§ THE INPUT:
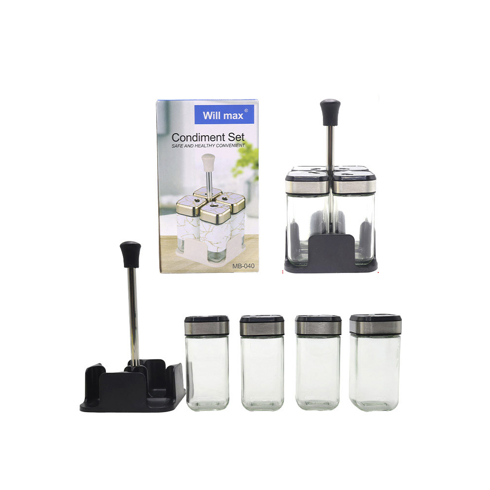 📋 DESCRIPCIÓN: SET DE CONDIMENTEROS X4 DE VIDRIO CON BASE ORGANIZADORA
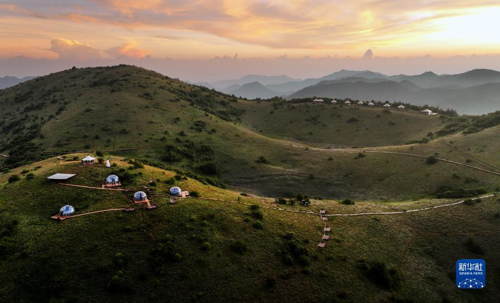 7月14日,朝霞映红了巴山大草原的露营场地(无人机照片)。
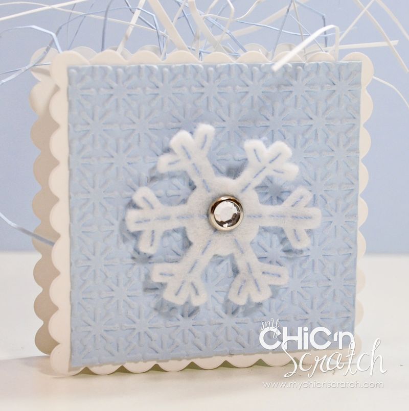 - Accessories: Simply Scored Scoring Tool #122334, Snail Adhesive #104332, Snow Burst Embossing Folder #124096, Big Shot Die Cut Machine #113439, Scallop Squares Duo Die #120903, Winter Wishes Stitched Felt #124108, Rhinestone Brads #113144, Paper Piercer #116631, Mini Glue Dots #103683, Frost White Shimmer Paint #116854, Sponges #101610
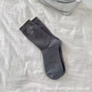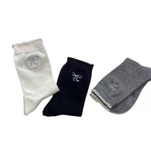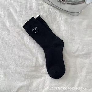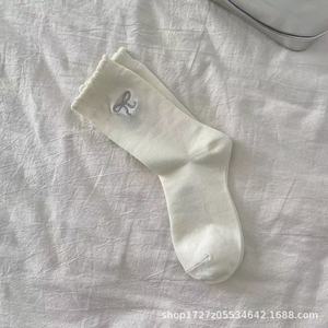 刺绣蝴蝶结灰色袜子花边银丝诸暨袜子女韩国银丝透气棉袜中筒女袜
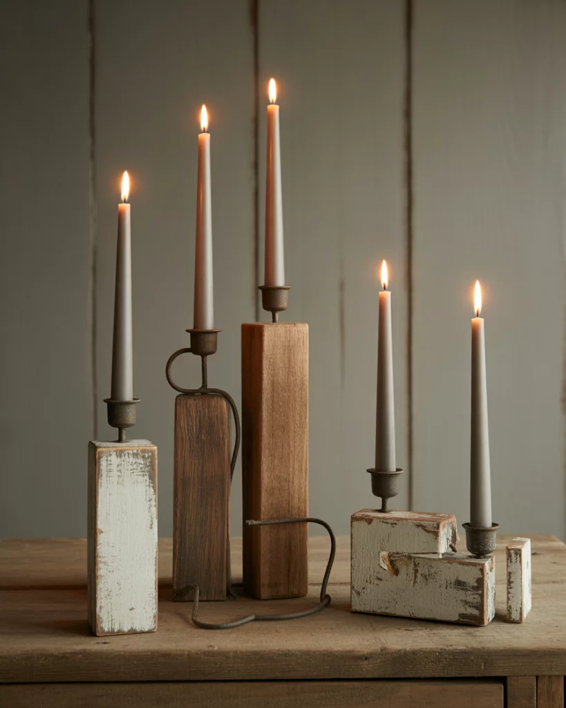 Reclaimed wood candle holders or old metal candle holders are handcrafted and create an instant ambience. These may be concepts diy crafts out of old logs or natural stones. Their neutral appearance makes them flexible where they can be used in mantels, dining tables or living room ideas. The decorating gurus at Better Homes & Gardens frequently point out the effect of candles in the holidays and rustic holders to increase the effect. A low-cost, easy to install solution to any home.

§ EXERCISE: In full and without change, repeat the material above, minus the pictures.

§ WRITTEN SOLUTION:
 📋 DESCRIPCIÓN: SET DE CONDIMENTEROS X4 DE VIDRIO CON BASE ORGANIZADORA
 7月14日,朝霞映红了巴山大草原的露营场地(无人机照片)。
 - Accessories: Simply Scored Scoring Tool #122334, Snail Adhesive #104332, Snow Burst Embossing Folder #124096, Big Shot Die Cut Machine #113439, Scallop Squares Duo Die #120903, Winter Wishes Stitched Felt #124108, Rhinestone Brads #113144, Paper Piercer #116631, Mini Glue Dots #103683, Frost White Shimmer Paint #116854, Sponges #101610
 刺绣蝴蝶结灰色袜子花边银丝诸暨袜子女韩国银丝透气棉袜中筒女袜
 Reclaimed wood candle holders or old metal candle holders are handcrafted and create an instant ambience. These may be concepts diy crafts out of old logs or natural stones. Their neutral appearance makes them flexible where they can be used in mantels, dining tables or living room ideas. The decorating gurus at Better Homes & Gardens frequently point out the effect of candles in the holidays and rustic holders to increase the effect. A low-cost, easy to install solution to any home.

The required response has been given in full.